Karen M. G. V. Gettings, Andrew K. Bolstad, Show-Yah Stuart Chen, Benjamin A. Miller, Michael Vai Lincoln Laboratory, Massachusetts Institute of Technology, Lexington, MA 02420 {karen.gettings, andrew.bolstad, stuart.chen, bamiller, mvai}@ll.mit.edu

# Introduction

A system-on-chip (SOC) implementation is an attractive solution for size, weight and power (SWaP) restricted applications, such as mobile devices and UAVs. This is partly because the individual parts of the system can be designed for a specific application rather than for a broad range of them, like commercial parts usually must be. Co-design of the analog hardware and digital processing further enhances the benefits of SOC implementations by allowing, for example, nonlinear digital equalization to further enhance the dynamic range of a given front-end component.

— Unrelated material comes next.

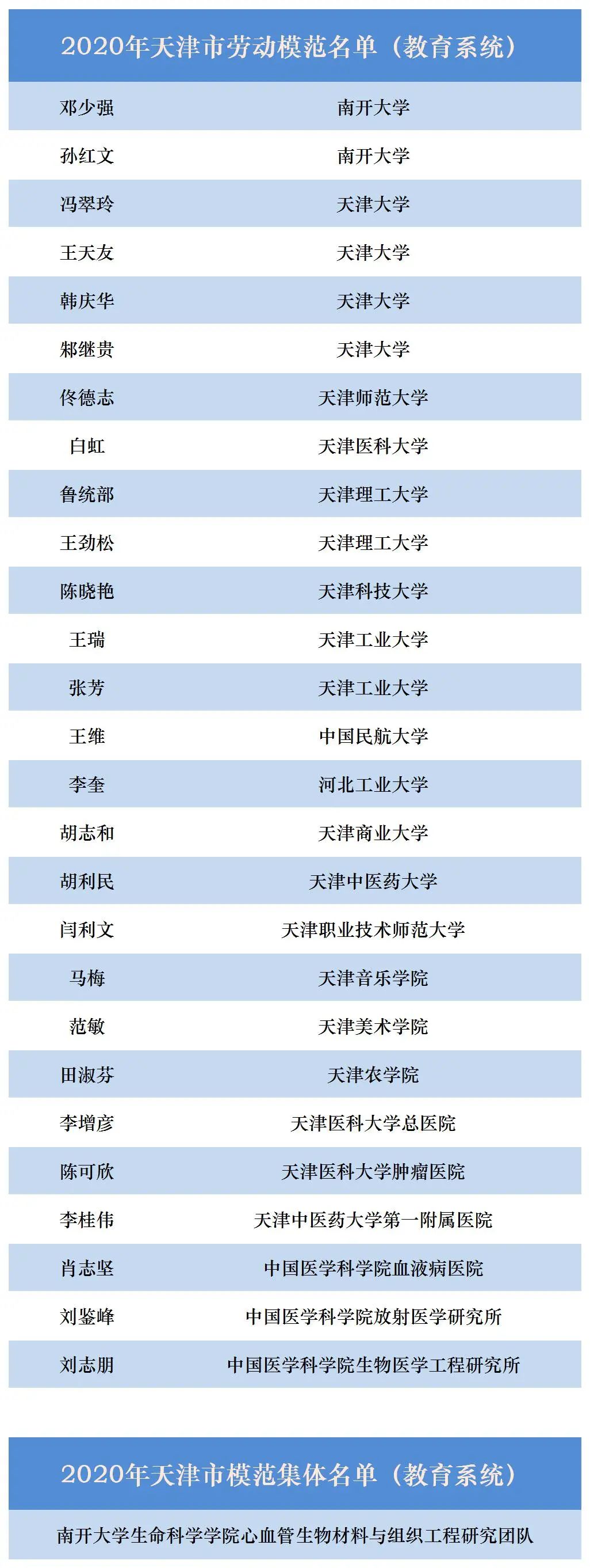其中,我市教育系统邓少强等27名同志荣获天津市劳动模范称号,南开大学生命科学学院心血管生物材料与组织工程研究团队荣获天津市模范集体称号。
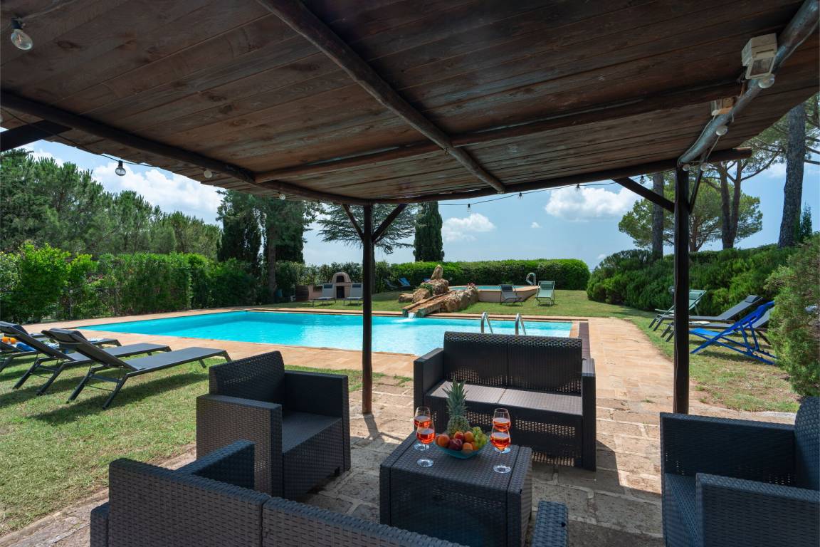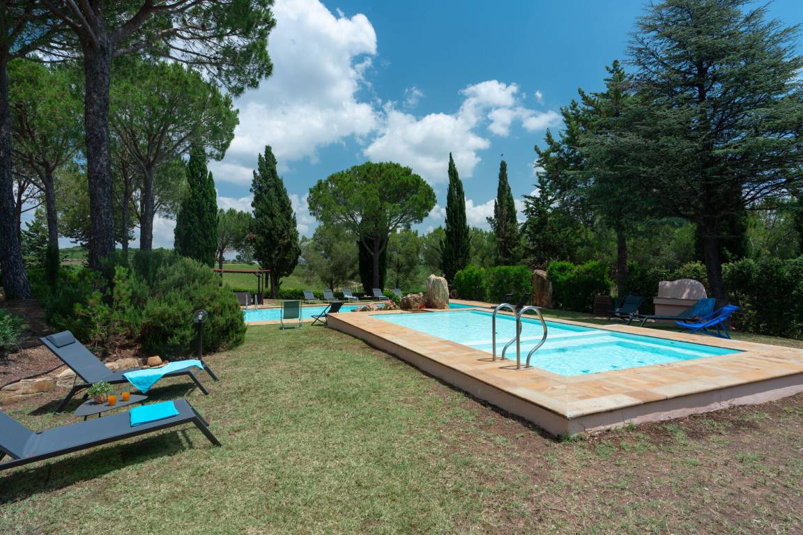 Garten (4500 m²): Schwimmbad (privat, Breite: 6m, Länge: 12m, max. Tiefe: 2.6m, min. Tiefe: 1.2m, Außen), Schwimmbad (privat, Breite: 3.75m, Länge: 4.9m, Tiefe: 0.7m, Außen), Heißwasser-Whirlpool im Freien (Breite: 3.75m, Länge: 2.8m), Dusche, Grill, Außenbereich für das Essen im Freien, Esstisch (Personen: 14), Gartenmöbel, Terrassenmöbel, sechs Sonnenliegen, eingezäunt.

This paper presents the implementation of nonlinear digital compensation for an active anti-aliasing filter [1], which is part of a low-power homodyne receiver design. The RF front-end circuitry and the digital compensation will be integrated in the same chip. Co-design allows the front-end to be designed with known dynamic range limitations that will later be compensated by nonlinear equalization. It also allows nonlinear digital compensation architectures matched to specific circuits and dynamic range requirements—while still maintaining some flexibility to deal with process variation—as opposed to higher power general purpose designs.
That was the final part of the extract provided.